2) The atom economic synthesis route is as follows: the technology only comprises five short and easy operation steps of amidation, oxidative addition, hydrolysis, hydrogenation and salification; in the prior art, the method comprises eight steps of optical resolution, palladium-carbon hydrogenation reduction, amino protection, Grignard reagent ring opening, peroxy acid oxidation, alkaline hydrolysis, acid deprotection and acid salification; an optical resolution step, theoretically with only 50% yield, is very uneconomical;

3) high-efficiency and environment-friendly: a plurality of intermediates of the technology of the invention do not need to be separated and purified, and can be directly put into the next reaction; the only two purification and separation steps are also simple recrystallization; is easy for industrialized mass production.
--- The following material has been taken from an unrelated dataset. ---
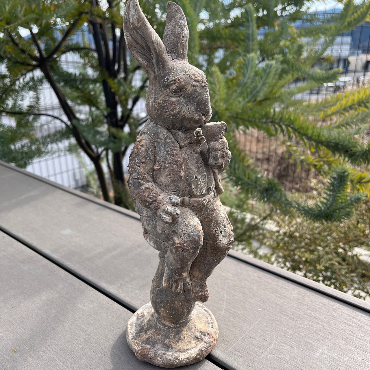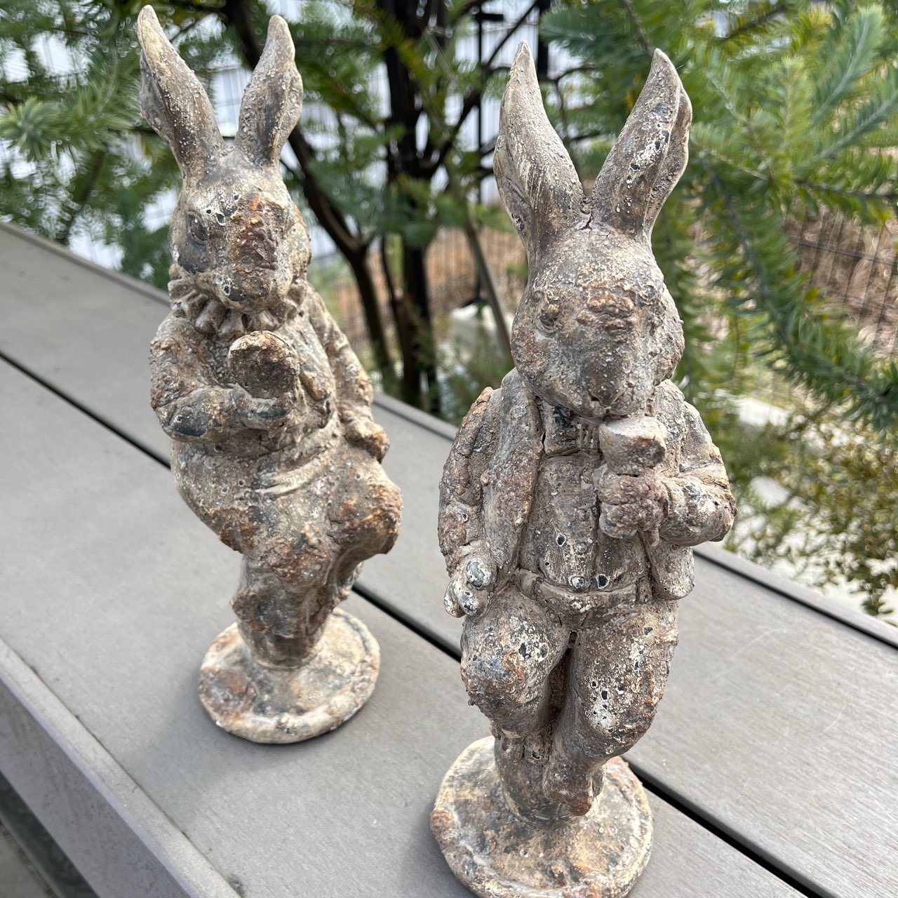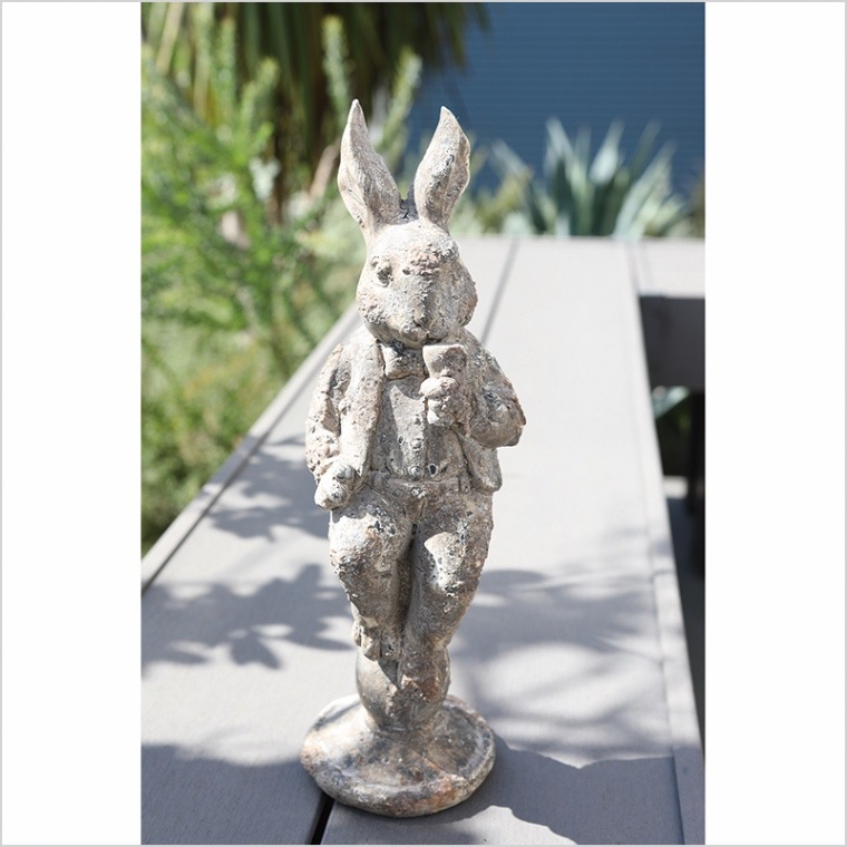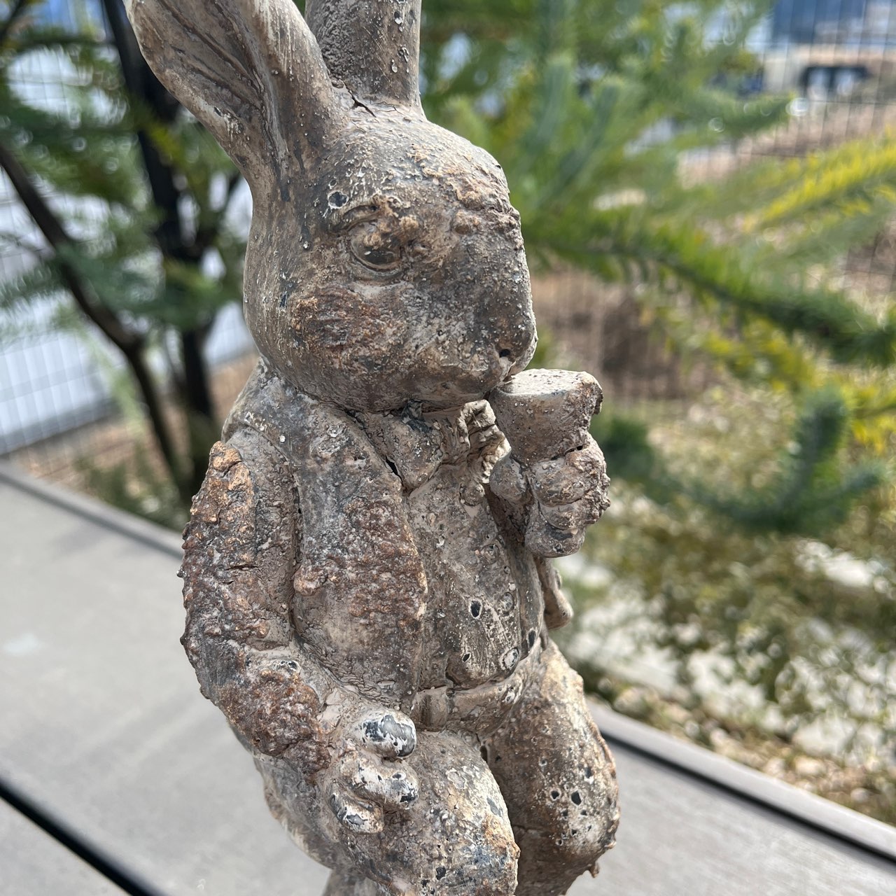 ユニークなポーズで存在感を放つウサギのオブジェ。

The chemical name of the compound is as follows:

compound (1): (1R,3S) -3-aminocyclopentanol;

compound (2): (1R,3S) -3-aminocyclopentanol organic/inorganic acid salt;

compound (3): (2R,5S,13aR) -8-hydroxy-7, 9-dioxo-N- (2,4, 6-trifluorobenzyl) -2,3,4,5,7,9,13,13 a-octahydro-2, 5-methanopyrido (1 ', 2': 4,5) pyrazino (2,1-b) (1,3) oxazepane-10-carboxamide;

mixture (4): 1- (2, 2-dimethoxyethyl) -3-methoxy-4-oxo-5-carboxy-1, 4-dihydropyridinyl-2-carboxylic acid methyl ester;

compound (5): 2,4, 6-trifluorobenzylamine;

compound (6): (+/-) -2-azabicyclo (2.2.1) hept-5-en-3-one; (1R,4S) -2-azabicyclo (2.2.1) hept-5-en-3-one;

compound (7): (1S,4R) -2-azabicyclo (2.2.1) heptan-3-one;

compound (8): (1S,4R) -3-oxo-2-azabicyclo (2.2.1) hepta-3-carboxylic acid tert-butyl ester;

compound (9): (1S,3R) - (3-acetylcyclopentyl) -carbamic acid tert-butyl ester;

compound (10): (1R,3S) -3-t-butoxycarbonylamino cyclopentanol acetate;

mixture (11): (1S,3R) - (3-hydroxycyclopentyl) -carbamic acid tert-butyl ester;

compound (12): n- ((1S,4R) -2-oxo-3-azabicyclo (2.2.1) hept-5-ene) -N' - (D- (-) -camphorsulfonamide) carbonyl;

compound (13): (1S,4R) -2-oxo-3-azabicyclo (2.2.1) hept-5-ene;

compound (14): N-hydroxylamine-N' - (D- (-) -camphorsulfonamide) carbonyl;

compound (15): d- (-) -camphorsulfonamide;

unless otherwise indicated, when the present invention relates to percentages between liquids, said percentages are volume/volume percentages; the invention relates to the percentage between liquid and solid, said percentage being volume/weight percentage; the invention relates to the percentages between solid and liquid, said percentages being weight/volume percentages; the balance being weight/weight percent.

Detailed Description

The technical solution of the present invention will be further described in detail with reference to specific embodiments. The following examples are merely illustrative and explanatory of the present invention and should not be construed as limiting the scope of the invention. All the technologies realized based on the above-mentioned contents of the present invention are covered in the protection scope of the present invention.

Unless otherwise indicated, the raw materials and reagents used in the following examples are all commercially available products or can be prepared by known methods.